HW5 Wrapup

• An enormous pain in the ass
• Why go through all of this trouble?
  • Ownership: rule out most memory leaks
  • Aliasing: make totally unsafe stuff safe

Build a tree that…

• Gives clients pointers to internal tree memory
• Lets client write whenever and whatever they want
  • With no runtime checks (direct memory write)
  • While never segfaulting or breaking the tree
• Also build an iterator handing out pointers all over

impl<K, V> TreeMap<K, V> {
    // Wildly unsafe
    pub fn get_mut(&mut self, key: &K) -> Option<&mut V> { ... }
}

HW5: Feedback?

HW6 Out

• Concurrency: making things go faster
• We give you: a slow, single-threaded version
• You make: multi-threaded versions in two ways
• Should be much less grappling with borrow checker
  • But still a bit (The Rust Programming Language)

Start early, especially if you haven’t tried writing concurrent code before

Many aspects

• Parallelism and simultaneous execution
• Message-passing and channels
• Shared memory and locking
• Threads blocking/waiting

Process calculus

• Mathematical model of message passing
• Many flavors, developed in 1970s and 1980s
  • Communicating sequential processes (CSP)
  • Communicating concurrent systems (CCS)
  • Pi-calculus
• By Tony Hoare, Robin Milner, and many others

Our version

1. Simple arithemtic expressions
2. Channels: named pipes for communication
3. Processes: send/receive along channels

Arithmetic expressions

num = "0" | "1" | "2" | ...

var = "x" | "y" | "z" | ...

exp = num | var | exp "+" exp | exp "*" exp | ...

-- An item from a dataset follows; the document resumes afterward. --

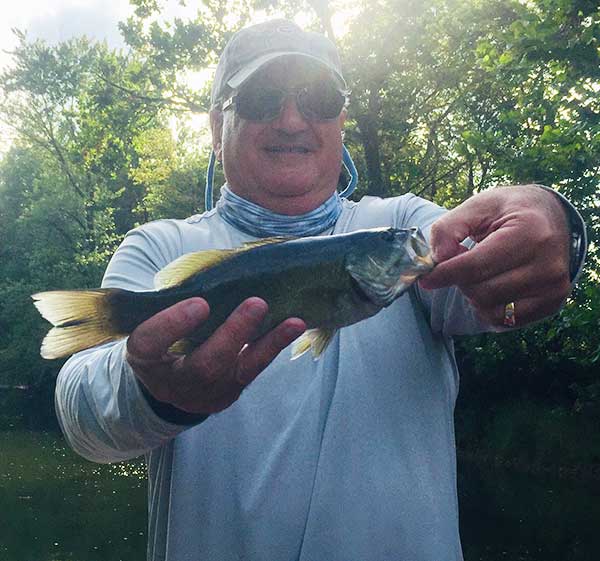 Bud and Mel are both students of mine that are continually improving. So, we pushed off on an instructional float on low, clear water that had the guys continuing to learn the tricks of smallmouth fishing visually. When they put the fly in the right place and moved it in a seductive way fish would appear out of nowhere and eat. Lots of fish came to the Wounded Minnow and topwater. We pulled out in the dark, as usual. ~jc

• Arithmetic expressions with variables
• Examples of arithmetic expressions:
  • 42
  • 5 * 3
  • 2 + 0 + z

Channels

chn = "A" | "B" | "C" | ...

• Addresses to send to/receive from
• Different names = different addresses
• We’ll use two special channels:
  • I: input channel into program
  • O: output channel from program

Processes

prc = "done"                          (* do nothing        *)
    | "make" chn "in" prc             (* make new channel  *)
    | "send" exp "->" chn "then" prc  (* send a message    *)
    | "recv" var "<-" chn "then" prc  (* receive a message *)
    | "[" exp "<" exp "]" prc         (* run if guard true *)
    | prc "+" prc                     (* run this or that  *)
    | prc "|" prc                     (* run in parallel   *)

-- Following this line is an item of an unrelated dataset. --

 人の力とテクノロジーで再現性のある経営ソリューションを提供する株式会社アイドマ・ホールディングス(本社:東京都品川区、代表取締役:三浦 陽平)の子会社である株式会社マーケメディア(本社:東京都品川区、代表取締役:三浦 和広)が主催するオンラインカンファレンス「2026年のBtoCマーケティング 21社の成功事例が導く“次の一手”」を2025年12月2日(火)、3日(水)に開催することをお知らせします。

• Make new channel, send and receive along channel
• Combine several processes together
  • Select between different processes
  • Run processes in parallel

Examples (blackboard)

Main setup

• Define how processes step P \to Q
• New addition: each transition may have a label
• Labels model sending and receiving
  • (A, n): send num n along channel A
  • (\bar{A}, n): receive num n from channel A
• Other steps: no label (silent transitions)

Blackboard (or WR6)

Why recursion?

• So far: finite number of steps
• Some processes live forever (e.g., servers)
• Extend the language with recursive processes

Syntax

name = "P1" | "P2" | "P3" | ...  (* names of processes *)

prc = ...
    | name                       (* process could be a name *)

def = name "=" prc               (* definition of processes *)

• Add process names and recursive definitions

Examples

Operational semantics

• Just add one more rule to unfold definitions…

Joe Armstrong

• Passed away in 2019 :(
• Invented Erlang while working for Ericsson
• Hugely influential views on computing
  • Take a look at his thesis
  • Or check out some of his talks

Principle 1: Processes

• Take idea of process from OS
  • Not threads: no shared memory space!
  • Separate program into several processes
• Erlang: processes are cheap
  • Can make millions of processes
  • So-called “green threads”
• Rust: heavier, OS threads (can’t have so many)
  • Used to have green threads, taken out

Principle 2: Isolation

• Communicate only by message passing
• A fault in one process should be contained
• Share nothing concurrency
  • Also known as the Actor model

Principle 3: Let it crash

• Will never be able to eliminate all faults
• Instead: plan for faults to happen
• If a process hits an error, just crash it
  • Don’t make things worse
• Let someone other process fix/restart

The Erlang language

• Designed for telecom applications
  • Soft real-time, highly reliable
• Designed for processes that live forever
  • Can swap in code updates live
• At the core: processes, messages, isolation

Big impact

• Runs Ericsson telecom switches
  • Handles estimated 50% of all cell traffic
  • OTP libraries, Open Telecom Protocol
• Runs Whatsapp and FB chat (previously)
  • Whatsapp: 50 employees for 900M users (2015)
• Many successful applications
  • CouchDB, Riak, Elixir, …

Spawning processes

my_proc = fun() -> 2 + 2 end.
p_id = spawn(my_proc).

• Just like in Rust: pass it a closure

Sending messages

p_id ! hello.
self() ! there.

• Asynchronous channels: send never blocks
• Send directly to process, not to specific channel

Receiving messages

dolphin() ->
  receive
    do_a_flip ->
      io:format("How about no?~n");
    fish ->
      io:format("So long and thanks for all the fish!~n");
    _ ->
      io:format("Heh, we're smarter than you humans.~n")
  end.

• Do a case analysis on received message
• Each process has one incoming queue, like a mailbox

Joe’s favorite program

• Universal Server: can turn into any another process

universal_server() ->
  receive
    {become, New_proc} ->
      New_proc()
  end.

• Lowercase match on string, uppercase variable

Factorial server

• Wait for message, respond with factorial

factorial_server() ->
  receive
    {From, N} ->
      From ! factorial(N),
      factorial_server()
  end.

factorial(0) -> 1;
factorial(N) -> N * factorial(N-1).

Becoming factorial

• Turn a universal server into a factorial server

main() ->
  univ_pid = spawn(fun universal_server/0),
  univ_pid ! {become, fun factorial_server/0},
  univ_pid ! {self(), 50},
  receive
    Response -> Response
  end.

• /0 means zero arguments (Erlang dynamically typed)